• TASK OBJECTIVE: Stop at the line that contains "Diamantring af 18". Until then, set down each line of the records exactly, beginning with the first, and skip pictures.

──────────────────────────────

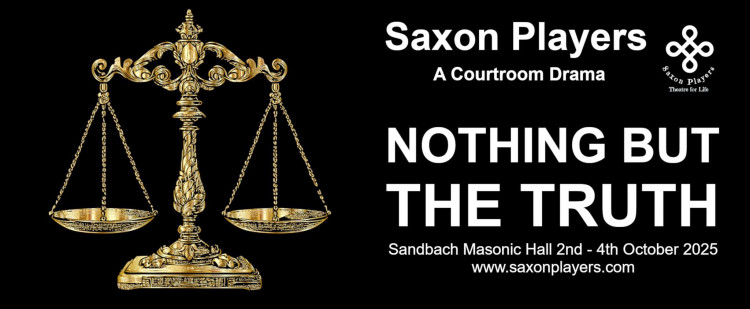The Saxon Players begin their run of their latest production, "Nothing But The Truth" at Sandbach Masonic Hall. Prosecution begin their case at 7.30pm prompt and end about 9pm. After a 20 minute break the case for the Defence will begin. Whatever the verdict we expect to be done by around 10.30 pm. Limited tickets available at www.saxonplayers.com
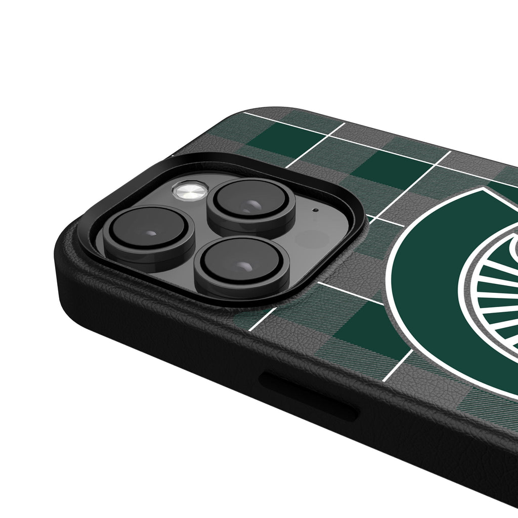 This premium black leatherette case sports an officially-licensed design and is MagSafe compatible. Designed and decorated by Keyscaper in Tualatin, Oregon, USA., this stylish cell phone case is a great way to show off your true fandom. Striking a great balance between bulk and protection, it is durable, has precise speaker and port cutouts, and is compatible with wireless charging devices.
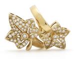 Diamantring af 18 kt. guld i form af blade prydet med talrige brillantslebne diamanter på i alt ca. 0.50 ct. Farve: G-H. Klarhed: VVS-VS. Vægt ca. 8,4 g. Str. ca. 53.
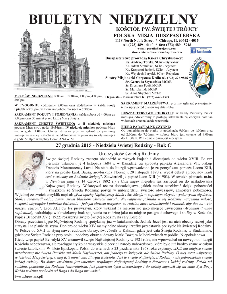 BIULETYN NIEDZIELNY KOĝCIÓà PW. ĝWIĉTEJ TRÓJCY POLSKA MISJA DUSZPASTERSKA 1118 North Noble Street * Chicago, IL 60642 - 4015 tel. (773) 489 - 4140 * fax: (773) 489 - 5918 e-mail: [email protected] strona internetowa: www.trojcowo.com Duszpasterstwo prowadzą KsiĊĪa Chrystusowcy: Ks. Andrzej Totzke, SChr - Dyrektor Ks. Adam SáomiĔski, SChr - Asystent Ks. Krzysztof Janicki, SChr - Asystent Ks. Wojciech Baryski, SChr - Rezydent Siostry Misjonarki Chrystusa Króla tel. (773) 227-9826 Sr. Gertruda SzymaĔska MChR Sr. Krystiana Pucik MChR Sr. Mariola Inda MChR Sr. Anna Strycharz MChR MSZE ĝW. NIEDZIELNE: 8:00am, 10:30am, 1:00pm, 4:00pm, Organista - Mariusz Pluta tel. (773) -640-1379 8:00pm SAKRAMENT MAàĩEēSTWA: prosimy zgáaszaü przynajmniej W TYGODNIU: codziennie 8:00am oraz dodatkowo w kaĪdą ĞrodĊ 6 miesiĊcy przed planowaną datą Ğlubu. i piątek o 7:30pm; w Pierwszą SobotĊ miesiąca o 6:30pm. DUSZPASTERSTWO CHORYCH: w kaĪdy Pierwszy Piątek SAKRAMENT POKUTY I POJEDNANIA: kaĪda sobota od 4:00pm do miesiąca odwiedzamy z posáugą sakramentalną chorych parafian 5:00pm oraz 30 minut przed kaĪdą Mszą ĝwiĊtą. w domach oraz na kaĪde wezwanie. SAKRAMENT CHRZTU ĝWIĉTEGO: w II niedzielĊ miesiąca BIURO PARAFIALNE CZYNNE: podczas Mszy Ğw. o godz. 10:30am i IV niedzielĊ miesiąca podczas Mszy Od poniedziaáku do piątku w godzinach: 9:00am do 1:00pm oraz Ğw. o godz. 1:00pm. Chrzest dziecka prosimy zgáosiü przynajmniej od 2:00pm do 7:30pm; w soboty biuro jest czynne od 9:00am miesiąc wczeĞniej. Katacheza przedchrzcielna w pierwszą sobotĊ miesiąca do 11:00am. W niedziele biuro jest nieczynne. o godz. 5:00pm w kaplicy Domu ANAWIM. 27 grudnia 2015 - Niedziela ĞwiĊtej Rodziny - Rok C UroczystoĞü ĞwiĊtej Rodziny ĝwiĊto ĞwiĊtej Rodziny zaczĊto obchodziü w róĪnych krajach i diecezjach od wieku XVIII. Po raz pierwszy ustanowiá je 4 listopada 1684 r. w Kanadzie, za aprobatą papieĪa Aleksandra VII, biskup Francois Montmorency-Laval. Na staáe do liturgii wprowadzono je za pontyfikatu papieĪa Leona XIII, który na proĞbĊ kard. Bausa, arcybiskupa Florencji, 20 listopada 1890 r. wydaá dekret aprobujący „kult czci zwrócony ku Rodzinie ĝwiĊtej". Zatwierdziá je papieĪ Leon XIII (+1903). W swoich pismach, m.in. w Neminem fugit (z 14 czerwca 1892 r.) i Cum nuper niejeden raz zachĊcaá on do naĞladowania NajĞwiĊtszej Rodziny. Wskazywaá teĪ na dobrodziejstwa, jakich moĪna oczekiwaü dziĊki poboĪnoĞci i związkom ze ĝwiĊtą Rodziną: postĊp w miáosierdziu, ĞwiĊtoĞü obyczajów, atmosfera poboĪnoĞci. W jednej ze swoich encyklik napisaá: „Pod opieką NajĞwiĊtszej Matki i Ğw. Józefa w zupeánym ukryciu wychowywaá siĊ Jezus, SáoĔce sprawiedliwoĞci, zanim swym blaskiem oĞwieciá narody. Niewątpliwie jaĞniaáa w tej Rodzinie wzajemna miáoĞü, ĞwiĊtoĞü obyczajów i poboĪne üwiczenia - jednym sáowem wszystko, co rodzinĊ moĪe uszlachetniü i ozdobiü, aby daü na wzór naszym czasom". Leon XIII byá teĪ pierwszym, który wskazaá na maáĪeĔstwo jako miejsce uĞwiĊcenia (Arcanum divinae sapientiae), nadrabiając wielowiekowy brak spojrzenia na rodzinĊ jako na miejsce postĊpu duchowego i sáuĪby w KoĞciele. PapieĪ Benedykt XV (+1922) rozszerzyá ĞwiĊto ĝwiĊtej Rodziny na caáy KoĞcióá. Obrazy przedstawiające NajĞwiĊtszą RodzinĊ spotykamy juĪ w katakumbach. Jednak Józef jest na nich obecny raczej jako statysta i na planie dalszym. Dopiero od wieku XIV mamy peáne obrazy i rzeĨby przedstawiające Īycie NajĞwiĊtszej Rodziny. W Polsce od XVII w. sáyną nawet cudowne obrazy: Ğw. Józefa w Kaliszu, gdzie jest caáa ĝwiĊta Rodzina, w Studziannie, gdzie jest ĝwiĊta Rodzina przy stole, i podobny obraz cudowny Matki BoĪej w Miedniewicach w pobliĪu Niepokalanowa. Kiedy wiĊc papieĪ Benedykt XV ustanowiá ĞwiĊto NajĞwiĊtszej Rodziny w 1921 roku, nie wprowadzaá on nowego do liturgii KoĞcioáa naboĪeĔstwa, ale rozciągnąá tylko na wszystkie diecezje i narody naboĪeĔstwo, które byáo juĪ bardzo znane w caáym Ğwiecie katolickim. W liĞcie Episkopatu Polski do wiernych z 23 paĨdziernika 1968 roku czytamy: „DziĞ ma miejsce ĞwiĊto przedziwne; nie ĞwiĊto PaĔskie ani Matki NajĞwiĊtszej, ani jednego ze ĞwiĊtych, ale ĞwiĊto Rodziny. O niej teraz usáyszymy w tekstach Mszy ĞwiĊtej, o niej dziĞ mówi caáa liturgia KoĞcioáa. Jest to ĞwiĊto NajĞwiĊtszej Rodziny - ale jednoczeĞnie ĞwiĊto kaĪdej rodziny. Bo sáowo «rodzina» jest imieniem wspólnym NajĞwiĊtszej Rodziny z Nazaretu i kaĪdej rodziny. KaĪda teĪ rodzina, podobnie jak Rodzina NazaretaĔska, jest pomysáem Ojca niebieskiego i do kaĪdej zaprosiá siĊ na staáe Syn BoĪy. KaĪda rodzina pochodzi od Boga i do Boga prowadzi". (www.brewiarz.pl) INTENCJE MSZALNE 27 grudnia 2015 - Niedziela, UroczystoĞü Ğw. Rodziny 8:00 +Józef Michalczuk w 35 rocz. Ğm. intencja od syna John 8:00 +Tadeusz i zmarli z rodziny Sztukowskich 10:30 Za zmaráych z rodziny Konieckich 10:30 +Tadeusz Kaganek intencja od Īony Marysi 1:00 W intencji máodzieĪy z Trójcowa, która w tym roku przyjĊáa sakrament bierzmowania 3:30 NIESZPORY ĝWIĄTECZNE 4:00 O miáosierdzie i potrzebne áaski dla Rycerzy Miáosierdzia BoĪego oraz kapáana-opiekuna i ich rodzin przez wstawiennictwo Matki BoĪej Miáosierdzia, a takĪe za zmaráych czáonków Wspólnoty 8:00 DziĊkczynna za otrzymane áaski dla Wioletty i Krystiana w 1 rocznicĊ Ğlubu 28 grudnia 2015 - Poniedziaáek, Ğw. Máodzianków MĊcz. 8:00 Za Īywych i zmaráych parafian 8:00 W Bogu znanej intencji 8:00 W pewnej intencji 29 grudnia 2015 - Wtorek 8:00 W Bogu znanej intencji 8:00 +Wáadysáawa Skinderowicz i zmarli z rodziny 30 grudnia 2015 - ĝroda 8:00 W Bogu znanej intencji 8:00 ++Jechna, Nykiel 7:30 INTENCJE ZBIOROWE 31 grudnia 2015 - Czwartek 8:00 W Bogu znanej intencji 6:30 NaboĪeĔstwo na zakoĔczenie roku 2015 7:00 O BoĪe báogosáawieĔstwo dla Anny i Rafaáa z
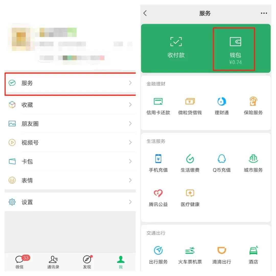 (一)打开微信“我”界面点击“服务”→点开“钱包”。
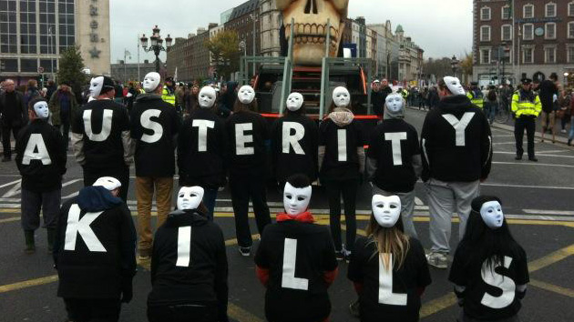 Su intervención fue aplaudida por Tom Healy, director del Instituto de Investigaciones Económicas Nevin (NERI), quien desfiló con otros colegas de profesión tras una pancarta que decía: “Economistas contra los recortes”.

──────────────────────────────

• RESULT OF THIS EXERCISE:
The Saxon Players begin their run of their latest production, "Nothing But The Truth" at Sandbach Masonic Hall. Prosecution begin their case at 7.30pm prompt and end about 9pm. After a 20 minute break the case for the Defence will begin. Whatever the verdict we expect to be done by around 10.30 pm. Limited tickets available at www.saxonplayers.com
 This premium black leatherette case sports an officially-licensed design and is MagSafe compatible. Designed and decorated by Keyscaper in Tualatin, Oregon, USA., this stylish cell phone case is a great way to show off your true fandom. Striking a great balance between bulk and protection, it is durable, has precise speaker and port cutouts, and is compatible with wireless charging devices.
 Diamantring af 18 kt. guld i form af blade prydet med talrige brillantslebne diamanter på i alt ca. 0.50 ct. Farve: G-H. Klarhed: VVS-VS. Vægt ca. 8,4 g. Str. ca. 53.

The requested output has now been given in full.